I should have admitted this years ago, but have only now grown up enough to say:
1. Dude, the reason I fell asleep when we were watching The Godfather was because I was bored. Out of my mind. At the gore, the faux 'cleverness', the 'hard' 'strategy'. But most of all, at your constant breathless faux anticipation.
2. Similarly, Guy Ritchie does nothing for me.
3. David Beckham is not hot.
4. I hate it when you say 'I know Tara' with such confidence - Maybe Tara is perverse, but you certainly didn't know about points 1, 2 and 3, above. Evidence: your reaction when I told you.

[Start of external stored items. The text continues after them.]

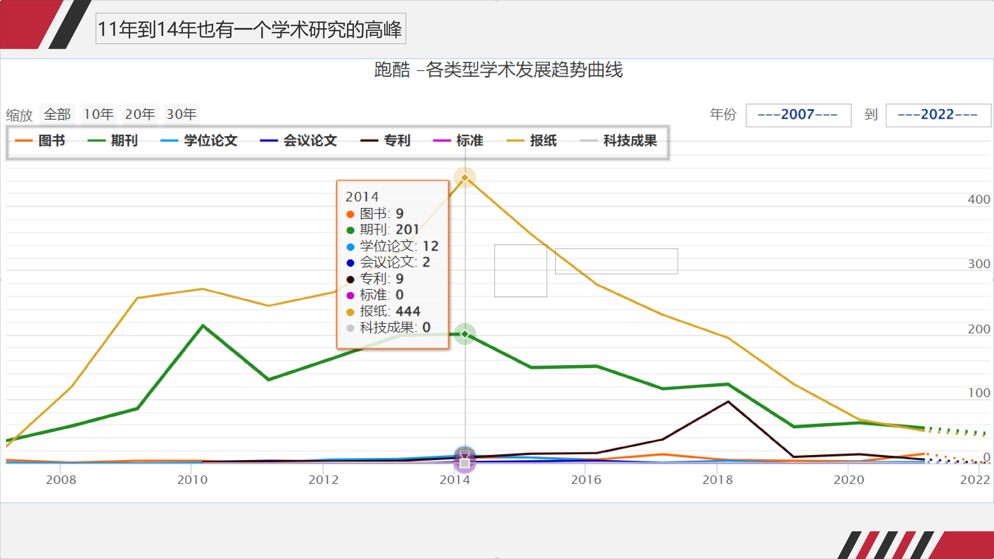 我接下来就要论证一下这一点,就是从我个人的一点浅薄的了解来论证一下为什么跑酷社区非常重要。首先,我们来说一下,就是,这里还要补充一个,就是在14年的时候跑酷相关的学术资料,比如说各种期刊图书报道,他也是在11年到14年的时候,发展到了顶峰之后也是走了下坡路,就是不论是民间还是学界,对跑酷的这个关注都减少了。
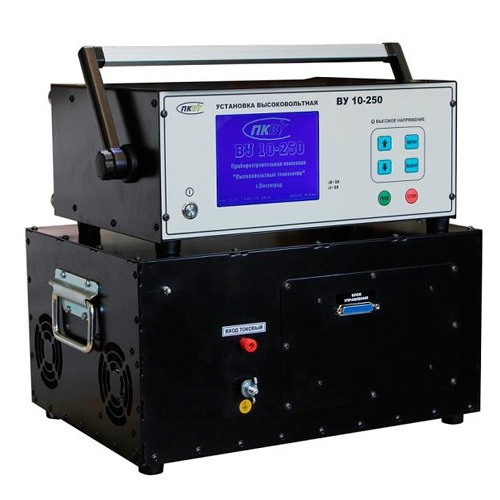 Установка высоковольтная ВУ 10-250 создана для генерирования напряжения переменного тока синусоидальной формы частотой 50 Гц, напряжения постоянного тока, а также измерения напряжения и силы переменного и постоянного токов при проведении испытаний и диагностировании объектов и материалов, для испытаний которых требуется высокое напряжение.
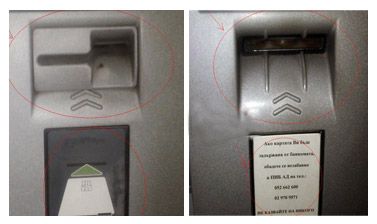 На снимката в ляво - има допълнително монтирано устройство, липсват телефони за контакт с банката. Дясната снимка е на редовен банкомат.
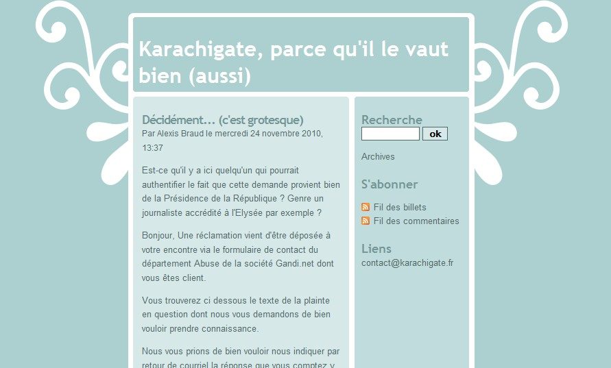 « Nous avons constaté que le site karachigate.fr renvoie automatiquement et sans aucune forme de précaution sur le site officiel de la présidence de la République… Ce renvoi est abusif et nous condamnons cette pratique, indique le courriel rapporté par le blogueur. Et de poursuivre, Je vous prie de faire le nécessaire pour mettre un terme dans les meilleurs délais à cette redirection abusive… Dans tous les cas la présidence de la République se réserve le droit de donner toutes les suites requises à cet abus dans le cadre du respect de ses droits ».
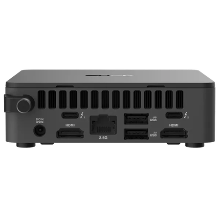 - Back I/O: 2 x Thunderbolt 4 Type-C Ports, 1 x USB 3.2 Gen2 Type-A (5V/0.9A, 10Gbps), 1 x USB 2.0 (5V/0.5A), 2 x HDMI 2.1 (Up to 4K@60Hz), 1 x 2.5G RJ45 LAN, 1 x DC-in
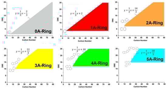 The identification of molecular structures of hydrocarbon compounds is essential for petroleum analysis. Nowadays, DBE versus carbon number plot has become the most widely used data processing method for hydrocarbon analysis in petroleomics. However, hydrocarbon compounds in crude oil exhibit continuous DBE distribution. Therefore, it is difficult to identify hydrocarbon structures merely by DBE value. For example, hydrocarbons with DBE = 4, 7, and 10 are usually considered aromatic hydrocarbons with 1, 2, and 3 aromatic rings, respectively [88,89]. However, this judgment ignores the contribution of cycloalkanes to the DBE values, and those with a DBE of 4 may also be tetracyclic cycloalkanes (steranes). The concept of planar limits was proposed by Cho et al. to explain the type of molecular structure in crude oil based on the DBE versus carbon number plot [90]. The planar limit was defined as the line formed by connecting the maximum DBE at each carbon number in the DBE versus carbon number plot. The slope and intercept of planar limits were related to the addition of functional groups and core structure, respectively. This method can analyze the overall structural characteristics of saturated hydrocarbon/aromatic/resin/asphaltic (SARA) fractions but cannot accurately infer the structure of individual molecular formulae. Based on this idea, a DBE linear equation describing the structure of petroleum hydrocarbons was proposed by Dong et al. It is divided into alkyl, naphthenic, and aromatic homologous equations based on the magnitude of the slope. The structure of any petroleum hydrocarbon can be represented by a combination of these three types of DBE linear equations, and the distribution map of aromatic hydrocarbons was constructed based on the DBE linear equation to visualize the ring structure of petroleum hydrocarbons. The experimental results of UHRMS validate the feasibility of the distribution map to distinguish naphthenic and aromatic rings and to classify the numbers of aromatic rings. This method provides a new idea for the determination and identification of petroleum hydrocarbon structures in complex petroleum samples (Figure 7) [79]. Due to the limitation of instruments and technology, the data analysis methods for hydrocarbon compounds in petroleum by UHRMS are still relatively limited. However, we believe that with the development of new MS and the modification of ionization technology, the data analysis methods for hydrocarbon compounds will also become more and more advanced.
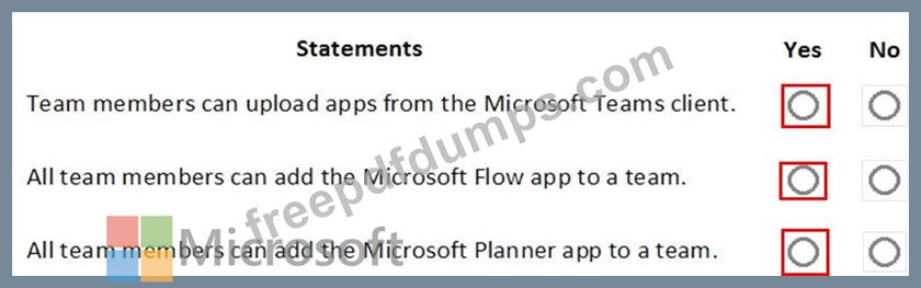 For each of the following statements, select Yes if the statement is true. Otherwise, select No.
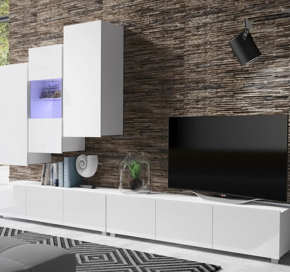 - Dwóch szafek RTV o szerokości 150 cm, dwóch szafek wiszących pionowych oraz witryny, którą można podświetlić oświetleniem LED. Kolor biały połysk
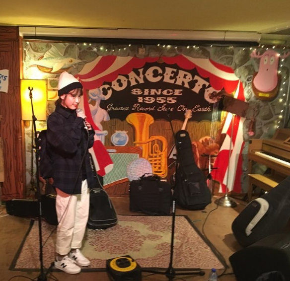 공개된 사진 속 아이유는 빈티지한 무대 앞에서 마이크를 두 손으로 쥔 모습. 앞을 흘끗 바라보며 눈치를 보는 모습이 귀여움을 자아냈다.
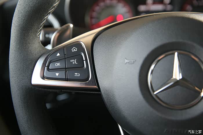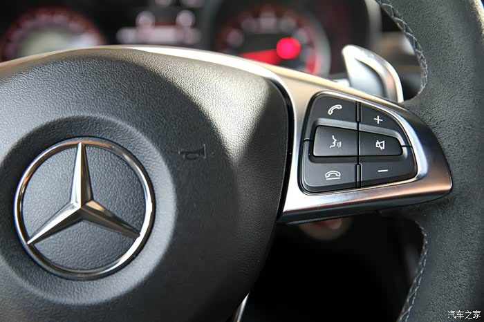 AMG三幅多功能式方向盘手感很不错,三点和九点位置都用了Alcantara材质,我是挺羡慕的,抛开手感不说,比起M的“丁字裤”方向盘我更喜欢这个。
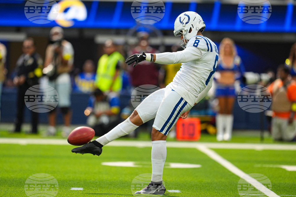 Indianapolis Colts punter Rigoberto Sanchez (8) punts against the Los Angeles Rams during the second hall of an NFL football game Sunday, Sept. 28, 2025, in Inglewood, Calif. (AP Photo/Marcio Jose Sanchez)
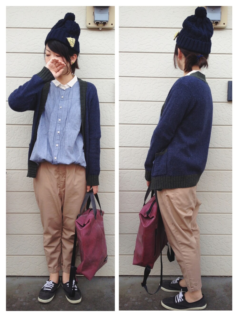パープル系のバックパック/リュック、グレー系のスニーカーを着用したレディースの秋コーディネートの1枚目の写真
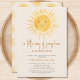 Prévoyez-vous un baby shower sur le thème du soleil ? Cette invitation à baby shower de soleil boho comporte le texte "Un petit rayon de soleil est presque ici!" avec une jolie aquarelle souriante soleil jaune sur un arrière - plan crème douce. L'arrière est décoré d'un motif solarium. Parfait pour un baby shower sans distinction de genre. Facile à personnaliser. Aquarelle originale © Michele Davies.
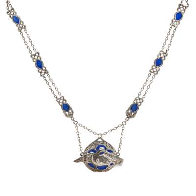 marked A.R. IONA, the central pendant modelled as a dove in flight, within a blue enamel ground, the chain composed of Celtic motif links each set with a blue enamel lozenge link

5. *sip sip on my Cosmopolitan.
How come you turned into such a corporate rat? When did you forget enthusiasm (and replace it with very shrill screeches of Yeeeah Man!!! when your football team wins)? When did you start to think that you 'need' 25 pairs of shoes 'just in case' (... there is a serial shoetheif around??)? Why do you still not know or care or ask what the fuck I'm doing for my PhD (I know: because my 'real life' will only start post-thesis when I start earning and therefore this is not worth your time.) And last - h.o.w. do you and me have a normal conversation after this when you want to 'just chill man, I've had a hard day at work', while for me 'I am still whirring - as we speak - and cannot for the life of me, be sated by any of the things that excited you tonight.
They say the best mirror is an old friend, but hell, I hope like hell when I look there I see nothing of myself.